Imagine you have a Laptop with 120GB HD. You have no idea whats been installed, partitioned, whatever. You need to get WindowsXP and FBSD up and running dual boot. What would the process be, if you do not care about anything currently on the drive, to restore its mbr, gpt, to a factory default type state, and get WinXP/FBSD dual bootable?

I just tried re-installing WindowsXP, and then FBSD9, but ran into exact same issue. Once I get to the partition scheme in the install, the Windows partition is not present. I dont remember it being this difficult to get FBSD installed AFTER a WindowsXP install. 

Side question, lets say I have a FBSD9 cd. I boot into the installer, and then drop to SHELL. I can then run sysinstall and get the old style partition/label tools to setup an install. Is it ok to do so? Is it improper? Will it even work? Could I do this just for partition setup, or could I perform the entire install through sysinstall old style setup?


----------



## wblock@ (Nov 24, 2012)

In case you have not seen me say this before, dual-booting makes life more complicated and is usually not necessary.  Pick one OS to support the hardware and run everything else as a VM.  But few people pay attention to that, so let's continue on with this excursion.

Windows XP only supports MBR, so the disk must be MBR partitioned.

recover was the wrong option.  That copied the backup GPT to the primary GPT.  Now you have a GPT-only disk.  So one problem solved, but not the one that needed to be solved.

Back up anything you want to save.  Then boot FreeBSD or mfsBSD and wipe out the GPT.
`# gpart destroy -F ada0`
Ignore errors, if it shows any.
`# gpart create -s gpt ada0`
`# gpart destroy -F ada0`

Now that disk has no partition information.  Install XP, partitioning it and leaving room for FreeBSD.
After that hours-long ordeal, back up the XP system.
Install FreeBSD.  The installer will see that the disk is MBR and an automatic install should use the unpartitioned space.
At the end of the install, go to the shell and install boot0cfg(8).  See the man page, but I think this will do it:
`# boot0cfg -B ada0`


----------



## rhish (Nov 24, 2012)

I completely understand your suggestions for getting away from dual booting. This particular Laptop Toshiba 5105-s501 dos not have a standard BIOS interface. In fact, there is NO WAY of interfacing the BIOS except for from within Windows using Toshiba's BIOS software. Which means, if I ever want to interface the BIOS, change boot options to boot a CD, or whatever, I have to have Windows installed to do so. 
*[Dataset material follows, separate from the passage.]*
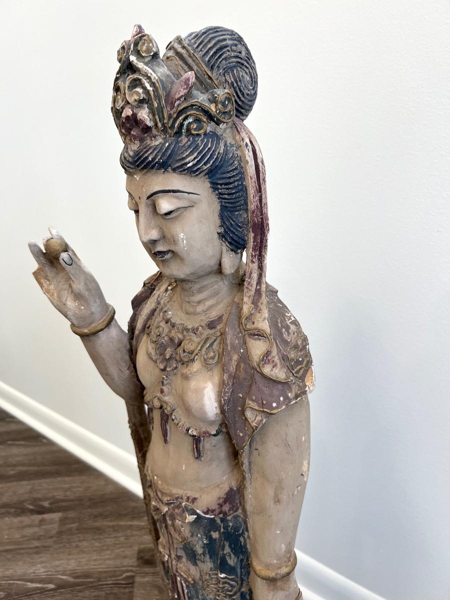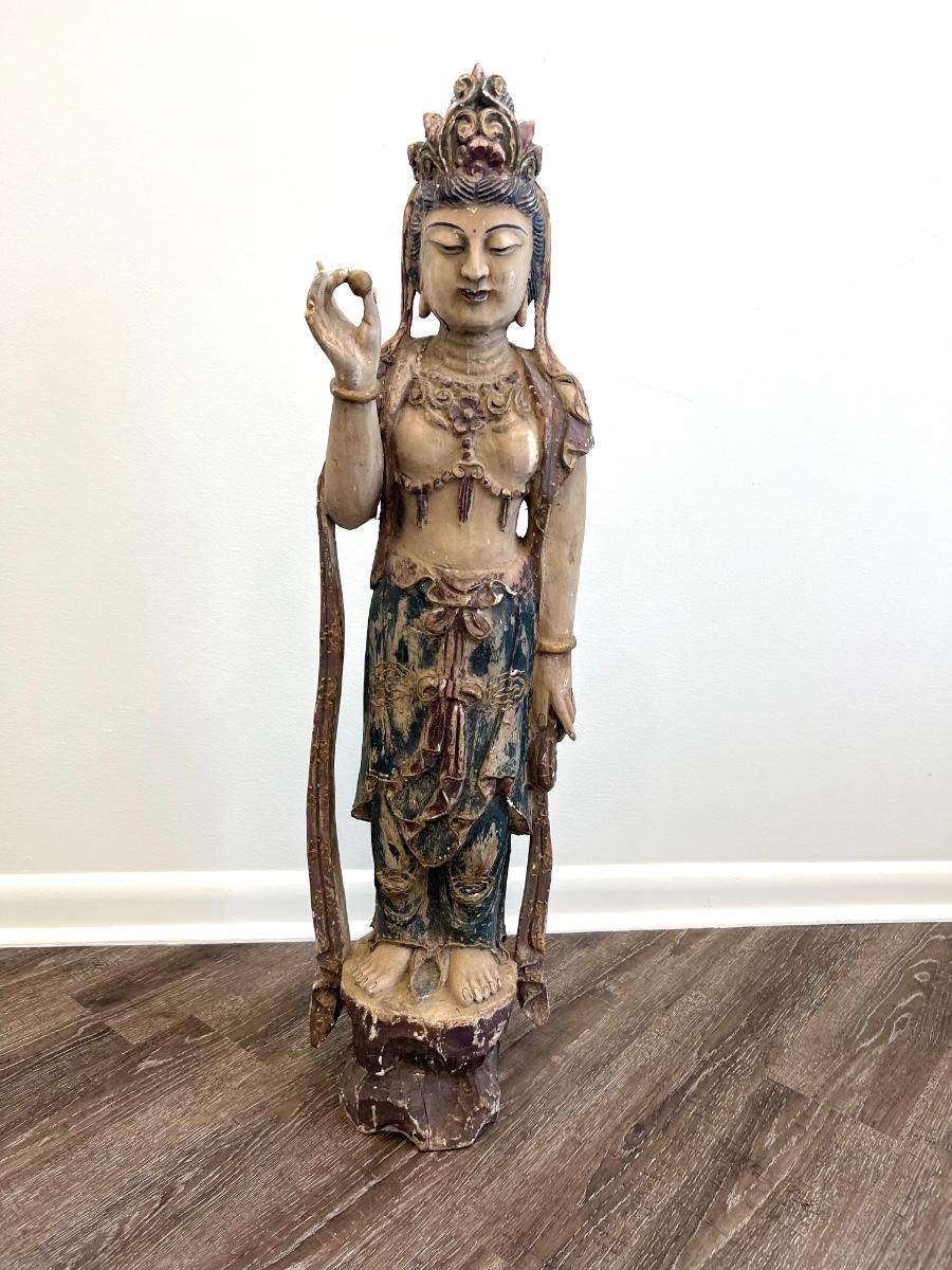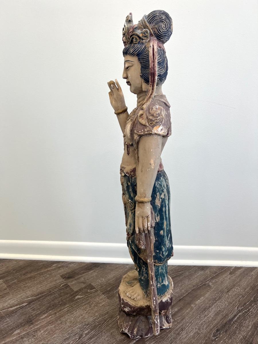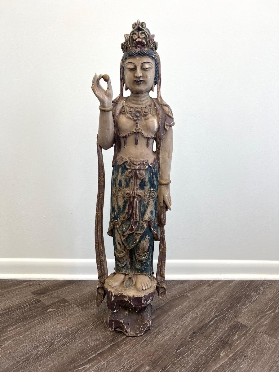 Guan Yin (I believe) goddess, Carved old wooden girl measures 41 inches tall, 11 inches wide, and 9 inches deep. Please see pictures for missing finger on the right hand and some fractures in the wood on the left hand on the backside What a find!

If it werent for this one issue, i would have dropped Windows XP on this laptop long ago. I use Oracle VM Virtualbox often and enjoy doing things that way. Unfortunately, it does not allow for the BIOS interface, from within a WinXP VM.


----------



## wblock@ (Nov 24, 2012)

So keep XP as the native OS and install FreeBSD as a VM.  You can even use GPT on the VM drive.


----------



## rhish (Nov 24, 2012)

Concerning the [cmd=]RECOVER[/cmd] versus [cmd=]RESTORE[/cmd]. I was unsure about that. In the MAN page it shows 'restore' as being the option for restoring the primary using the 'backup'. I assumed this meant using the secondary to restore the primary. 
But the restore is for something unrelated to the secondary? It restores a 'backup' I would have needed to create beforehand?


----------



## rhish (Nov 24, 2012)

The gpart destroy is where Im at now. I did have the errors initially, but then -F let me do it anyways.

Lets say I destroy the GPT, recreate it. Its now default. If I then reboot into the Windows recovery and do FIXMBR, it should ensure the MBR is proper. 
If i then boot the FBSD9 install, it should see the MBR information and know about the windows xp partition.

After destroying the GPT, the installer still doesn't see the Windows MBR partition information.

I'm going to start all over and run the entire process again. Destroy, create, destroy the GPT. Reboot, install windows XP. then boot into FBSD9 and check to see if it sees the Windows MBR partition. 

thanks for your patience and advice.


----------



## rhish (Nov 24, 2012)

Side question - are there any programs available when I drop to shell, that can display/interact with the mbr, the same way gpart does GPT? What would be the proper one to use? I can research all the details.
thanks again


----------



## kpa (Nov 24, 2012)

No, do not recreate the GPT, that seems to be the biggest misunderstanding here. Windows XP can not be installed on a GPT partitioned disk, it has to be MBR. Destroy the GPT and create a MBR partition table using Window's own partitioning tools.


----------



## rhish (Nov 24, 2012)

When I do 

[cmd=]#fdisk[/cmd]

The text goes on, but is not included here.